Add the onion, celery, vinegar and celery seed and mix well. Scoop down along the side using a silicone or rubber spatula, and lift from the center.



Here's a quick clip showing what I'm talking about.



Dice four of the eggs according to the directions for how to dice hard boiled eggs. It's easiest do the third slice directly over the bowl.



Mix again, gently so you don't mash up the egg. You want both the white and yellow bits to stay whole.



And that's it.




Presentation

If you are taking this to a potluck, the traditional presentation is to slice a couple more eggs and place the rings on top, the way I did in potato salad with bacon and egg.




A note about personal taste


I brought some of this over to my in-laws, and my father-in-law noted how much drier it was than what he is used to. There's two parts to this. First, yes it is drier. That's how I like it. Second, the macaroni will soak up a lot of the mayonnaise overnight. I usually add more when I'm having leftovers.

Wednesday, April 16, 2008

How To Make Onion Rings From Scratch



This version has a very simple, very light tempura style batter. It's about the simplest batter possible, and I can guarantee that if you cook at all, you've already got everything you need in the cupboard.




Ingredients



1 large onion per 2 servings
1 cup flour
1 large egg
1 cup ice water
salt
pepper

Directions

While preparing the onions and batter, set your cooking fat on medium heat to warm up. I prefer beef tallow, but would use lard or olive pomace oil in a pinch. Vegetable oil -- corn, soybean, etc. -- has too low a smokepoint and turns rancid too easily. Plus it's not reusable.



While that's heating up, peel the onion (or onions) and slice into wide rings.



The best onions to use are very large diameter and wider than they are tall. This gives you more large rings than small ones.

When you get to the end with the root, stick a paring knife in at an angle toward the center ...



... and spin it around until you get the whole root out.



Pop out the center pieces of each slice that are either not round, or too small to make good onion rings.



Some onions hold on really strong between the layers. If you have one of these, you need to break the layers loose before trying to separate the rings or they'll all break. Place the ring between your palms, squeeze in enough to make it a little bit oval, and roll it back and forth a few times.



Once it's loosened up, pop the rings apart, starting from the inside.



Once it's all separated, one onion makes a surprisingly large pile of rings. I completely underestimated the size of the bowl I'd need to hold it all.

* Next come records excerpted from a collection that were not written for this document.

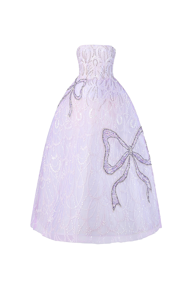 فستان سهرة بدون حمالات من التول أرجواني اللون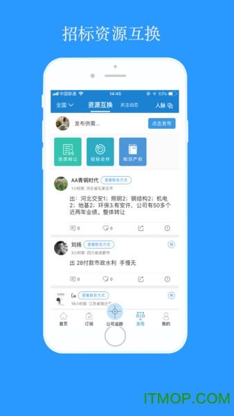 供需发布:支持投标合作、资质转让、资源对接和项目分包等信息的发布与匹配,打造高效的企业合作平台。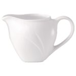 With flowing curves and a subtle embossment, the Alvo crockery range assures outstanding food presentation to complement any cuisine. This 284ml Empire jug combines the pure white delicacy and translucence of finest china with exceptional durability, with features including thermal shock and stain resistance and a robust glaze.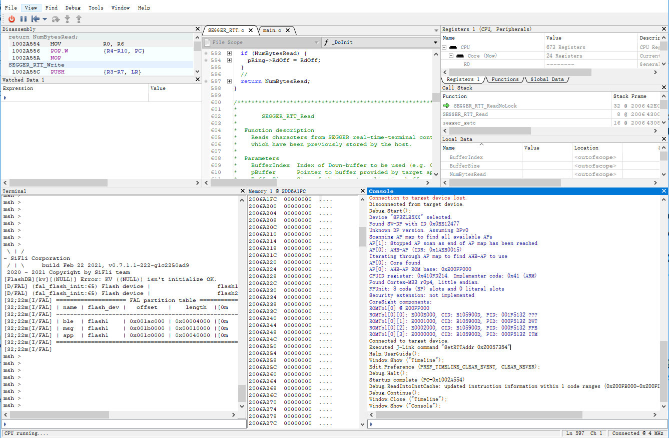 这样CPU启动,就会停留在第一条指令,当Jlink连接成功后,可以改变PC寄存器 (+2), 设置所需断点,从而调试初始化过程。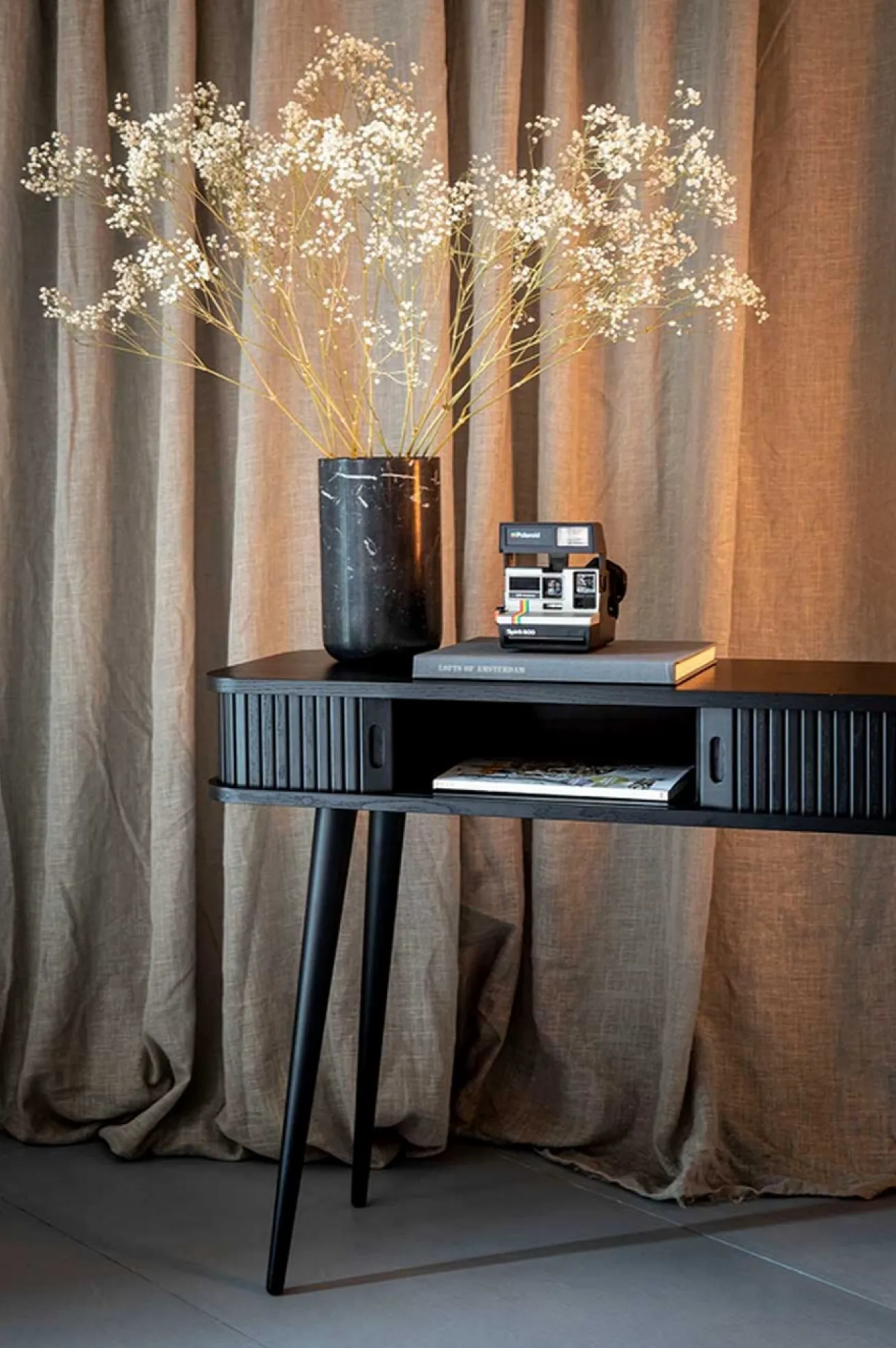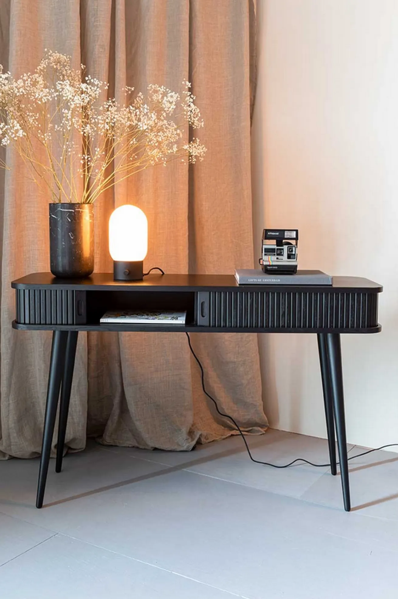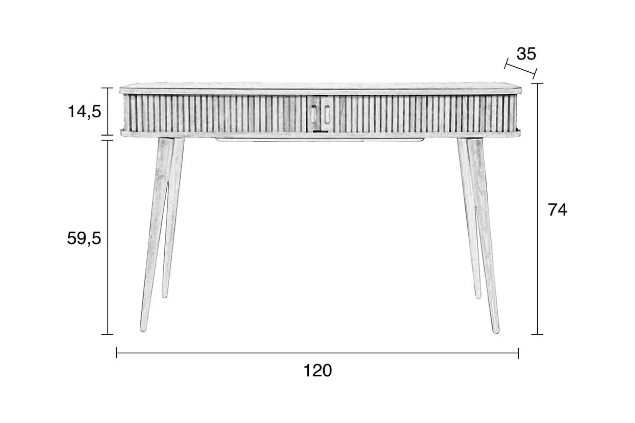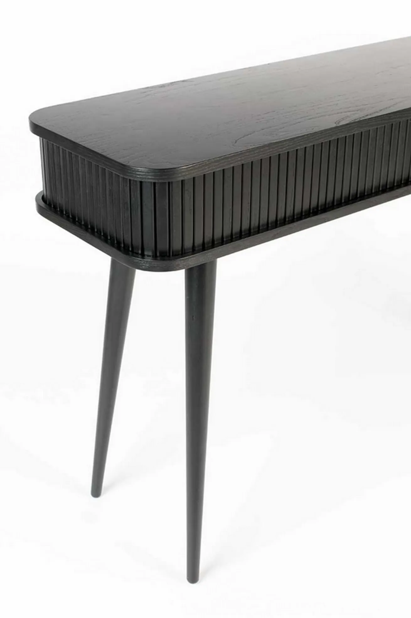 Die Konsole aus black oak hat einen 14,5 cm hohen Korpus und 59,5cm hohe Beine. Das Aussergewöhnliche an diesem Beisteller, ist die Lamellenfront, welche sich aufschieben lässt und somit Stauraum für Papier, Post, Laptop, Stifte und weiteren Kleinkram bietet. Für kleine Räume, Dielen oder Wohnungen ist dieses hochwertig gefertigte Möbel ideal.

Now mix up the batter -- that's the flour, egg and water -- according to the directions in the flounder tempura posting, and salt and pepper. Set your onions and batter up next to the hot fat.



Using metal or high-temperature plastic tongs, dip the rings one at a time into the batter. Make sure each ring is covered all the way around. This batter is very thin, so let the batter drip off for a second before putting it in the fat.